[Start of section]

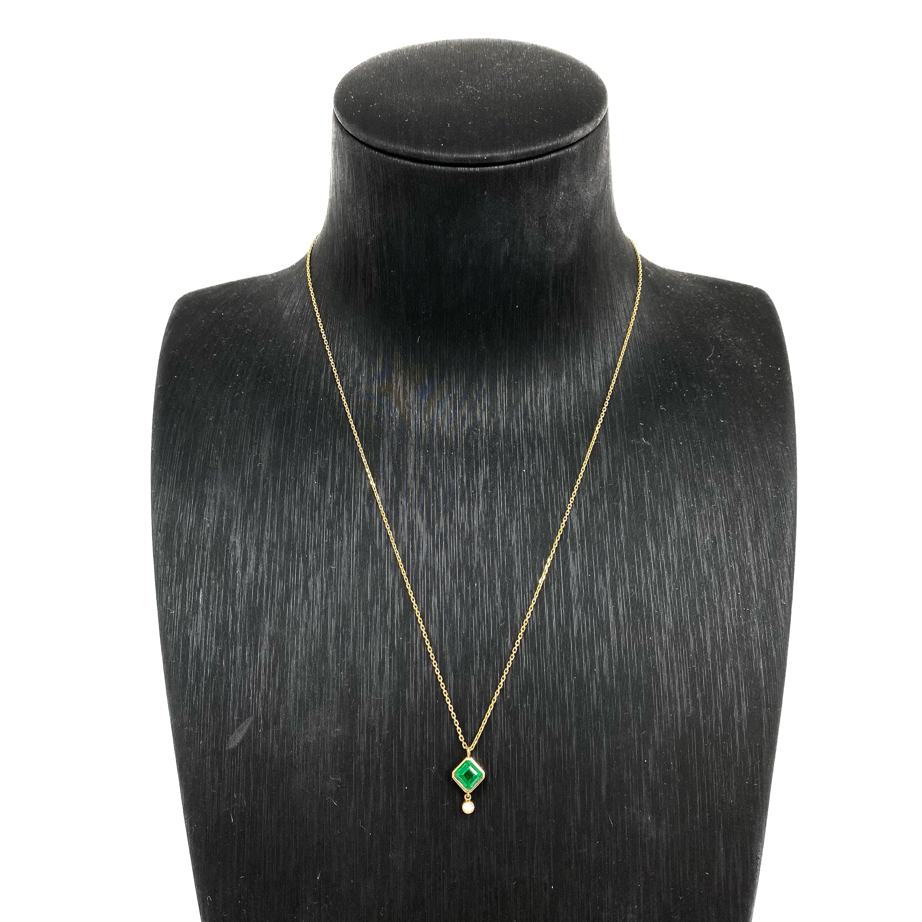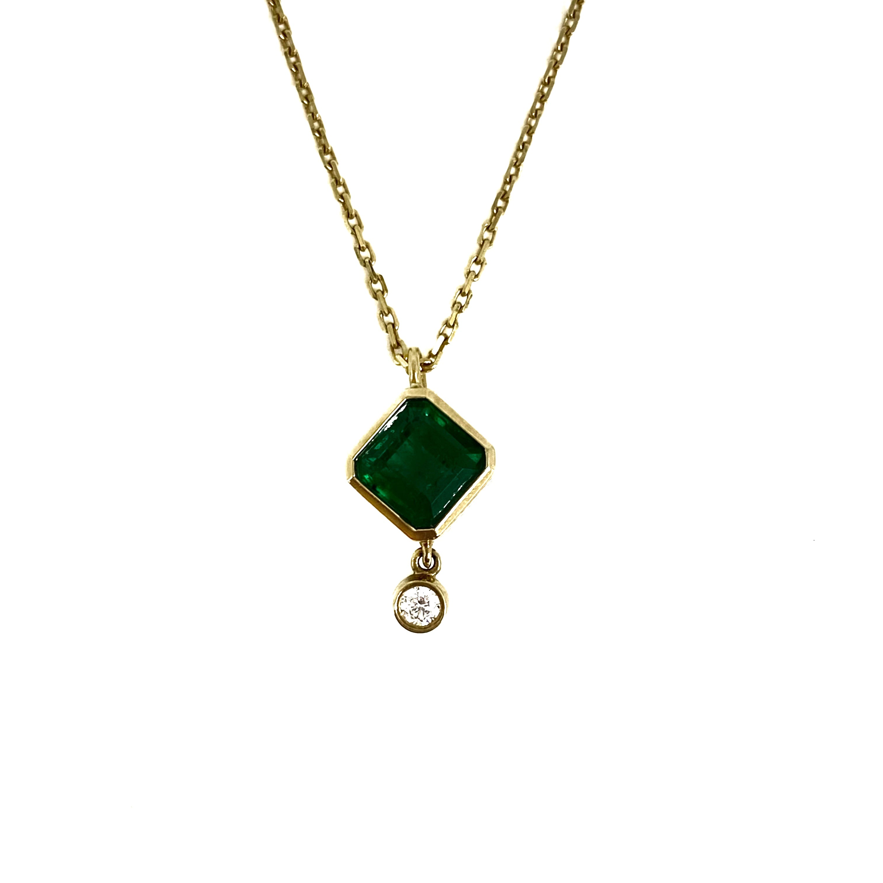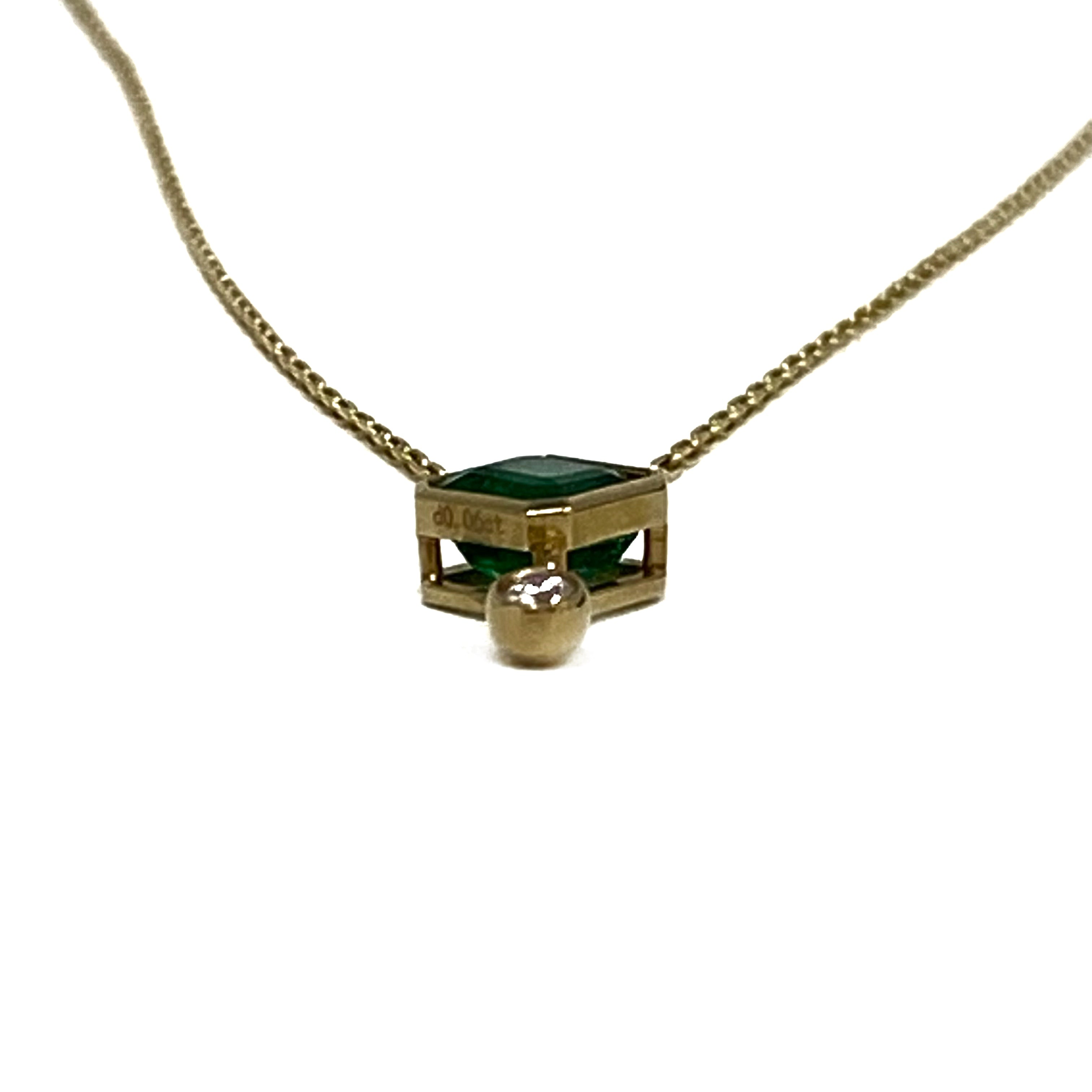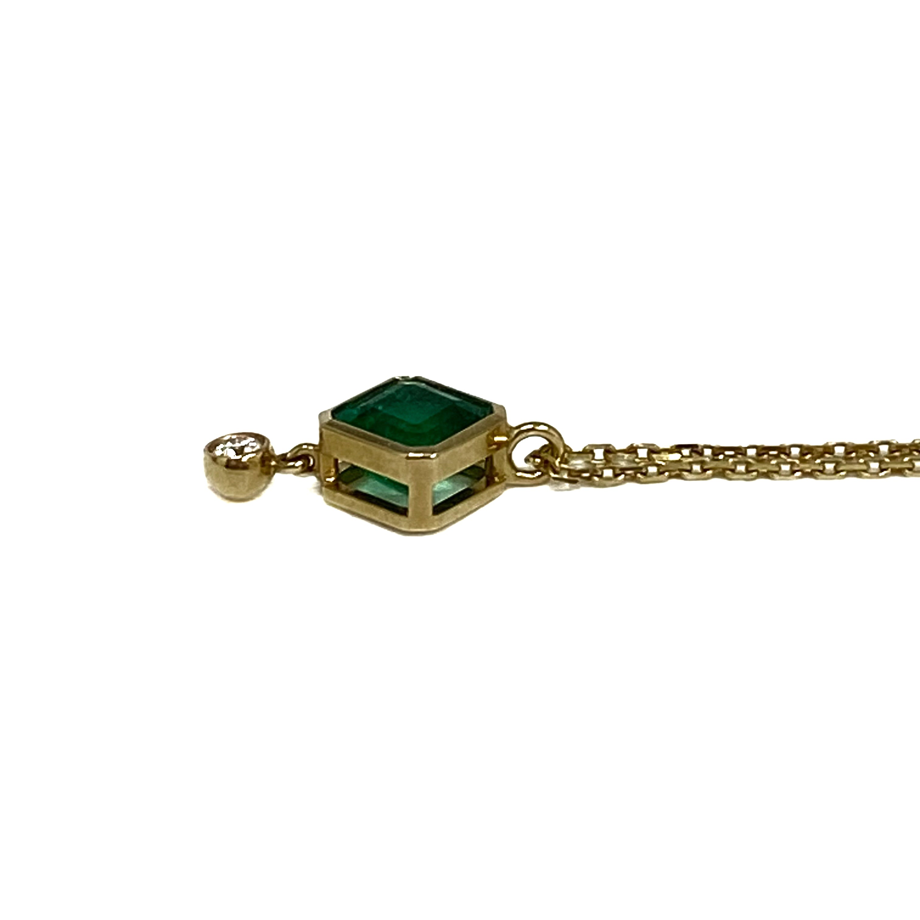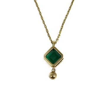 ☆ 18K Yellow Gold Diamond, Green Stone Necklace 2.29g 18K黃金鑽石, 綠色色石頸鏈 2.29g - 267002664
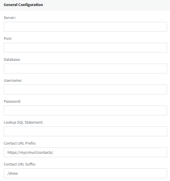 4. Enter the Contact URL prefix and suffix. These are required to create the Contact URL, which is the concatenation of the Contact URL Prefix, the ContactID returned by the database, and the Contact URL Suffix. This Contact URL is considered the key for the contact in 3CX Contacts, and is used to update the contact if any change is detected in the database. Also, this Contact URL is shown in the 3CX Web Client, so if you have a web page to show the contact record, use these settings to create the URL to point to that page.
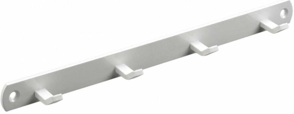 Bílá věšáková lišta se čtyřmi háky. Její rozměry jsou 20 mm x 270 mm x 23 mm.
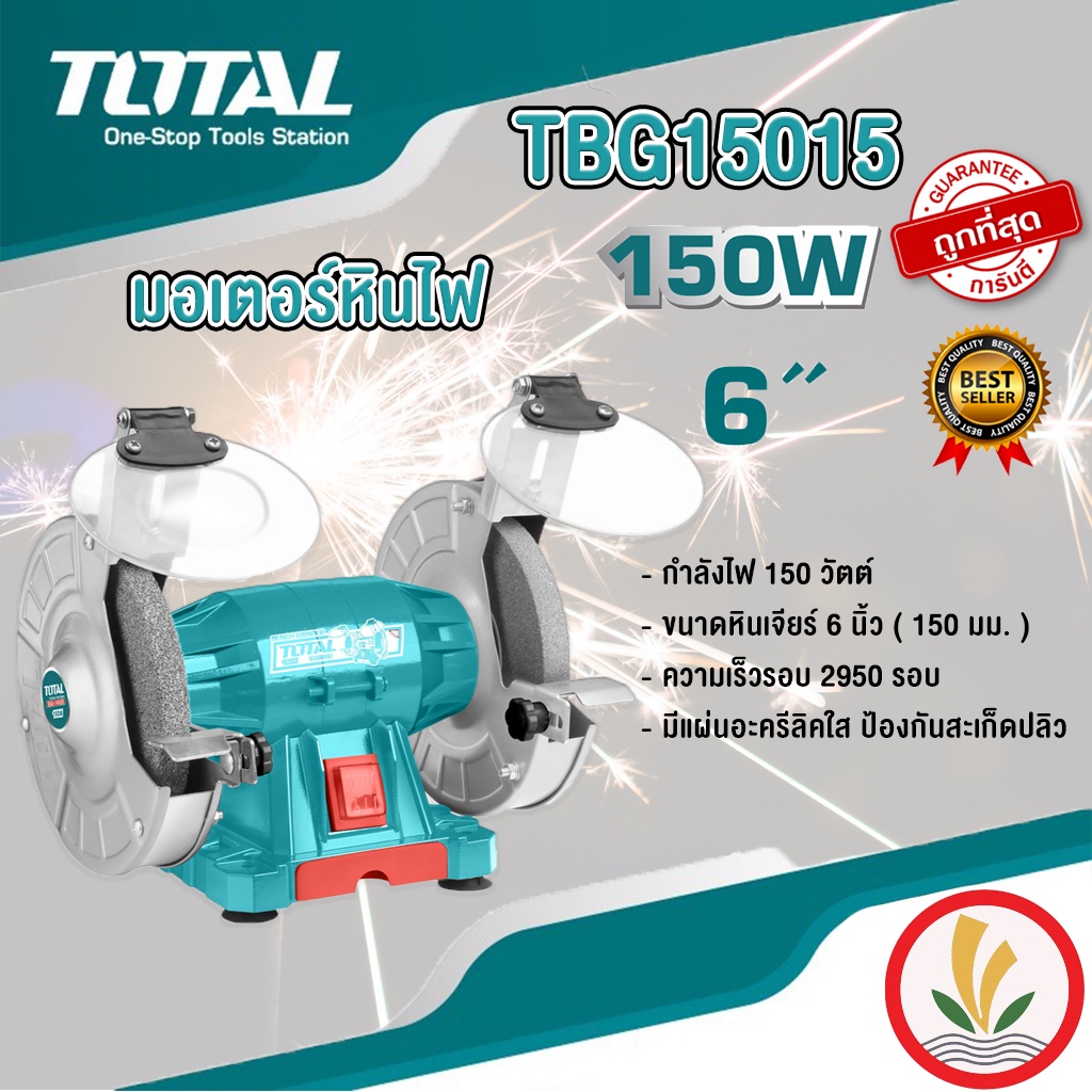 Total มอเตอร์หินไฟ 6 นิ้ว 150 วัตต์ พร้อม หินเจียร์ 2 ก้อน รุ่น TBG15015 - สินค้าใหม่ 100% - กำลังไฟ 150 วัตต์ - ขนาดหินเจียร์ 6 นิ้ว ( 150 มม. ) - ความเร็วรอบ 2950 รอบ - มีแผ่นอะครีลิคใส ป้องกันเศษฝุ่น หรือสะเก็ดปลิว
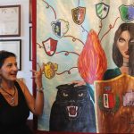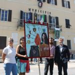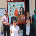Presentato stamani in Sala Giunta il “cencio” della quarta edizione di "Calambur - La disfida dei rioni" che verrà conteso dai sei rioni certaldesi domenica 16 settembre in piazza Boccaccio. La tela, animata da un soggetto femminile, è stata dipinta da Maria Teresi che, ha spiegato subito dopo, ha realizzato un palio “al femminile”, con la figura principe rappresentata nella tela da una donna con uno scudo e affiancata da un grande felino, a significare la centralità ma anche la debolezza della donna che deve essere protetta, ma al tempo stesso la determinazione e la grinta nell’andare avanti.
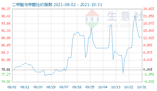 10月31日二甲醚与甲醛比价指数为89.31
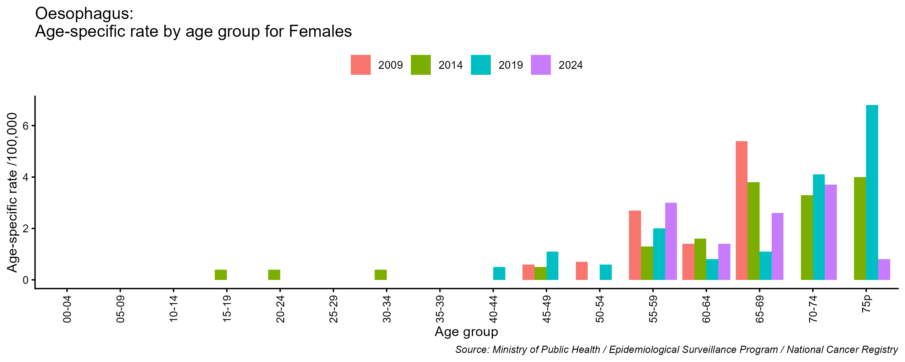 - Oesophagus cancer age-specific incidence rates, females, Lebanon, 2009, 2014, 2019, 2024
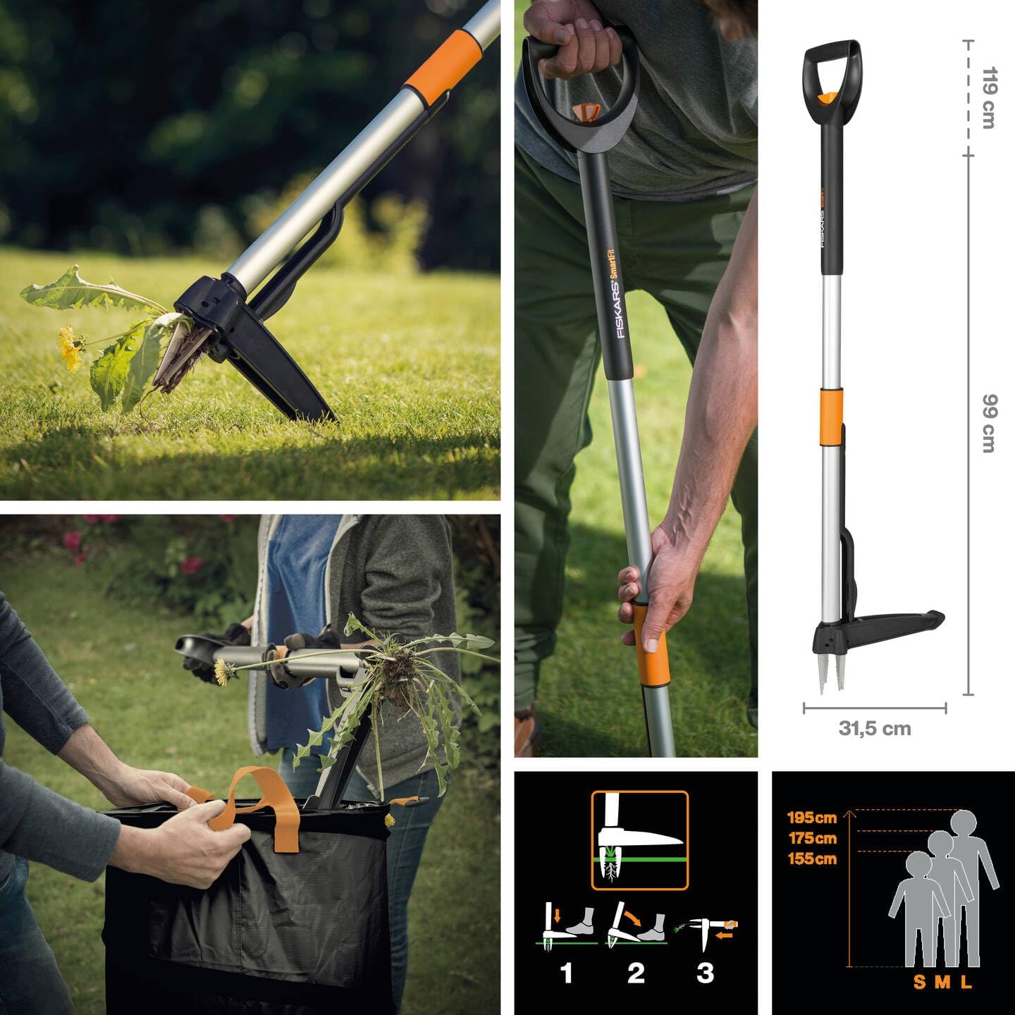 - Lieferumfang: 1x Fiskars SmartFit Teleskop-Unkrautstecher, Länge: 1 - 1,19 m, Durchmesser: 3 cm, Gewicht: 1,25 kg, Material: Stahl/Kunststoff, Farbe: Schwarz/Orange, 1020125
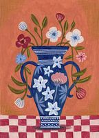 Een gedecoreerde delfts blauwe vaas met witte rode en roze bloemen tegen een terracotta gekleurde achtergrond. De pot staat op een rood wit geblokt tafelkleed. Origineel acrylverf op papier

[End of section]

Copy nothing but the lines above from the one with "4. Enter the" to the one with "Total มอเตอร์หินไฟ 6", inclusive, word for word. Leave every picture out.

Exercise answer:
 4. Enter the Contact URL prefix and suffix. These are required to create the Contact URL, which is the concatenation of the Contact URL Prefix, the ContactID returned by the database, and the Contact URL Suffix. This Contact URL is considered the key for the contact in 3CX Contacts, and is used to update the contact if any change is detected in the database. Also, this Contact URL is shown in the 3CX Web Client, so if you have a web page to show the contact record, use these settings to create the URL to point to that page.
 Bílá věšáková lišta se čtyřmi háky. Její rozměry jsou 20 mm x 270 mm x 23 mm.
 Total มอเตอร์หินไฟ 6 นิ้ว 150 วัตต์ พร้อม หินเจียร์ 2 ก้อน รุ่น TBG15015 - สินค้าใหม่ 100% - กำลังไฟ 150 วัตต์ - ขนาดหินเจียร์ 6 นิ้ว ( 150 มม. ) - ความเร็วรอบ 2950 รอบ - มีแผ่นอะครีลิคใส ป้องกันเศษฝุ่น หรือสะเก็ดปลิว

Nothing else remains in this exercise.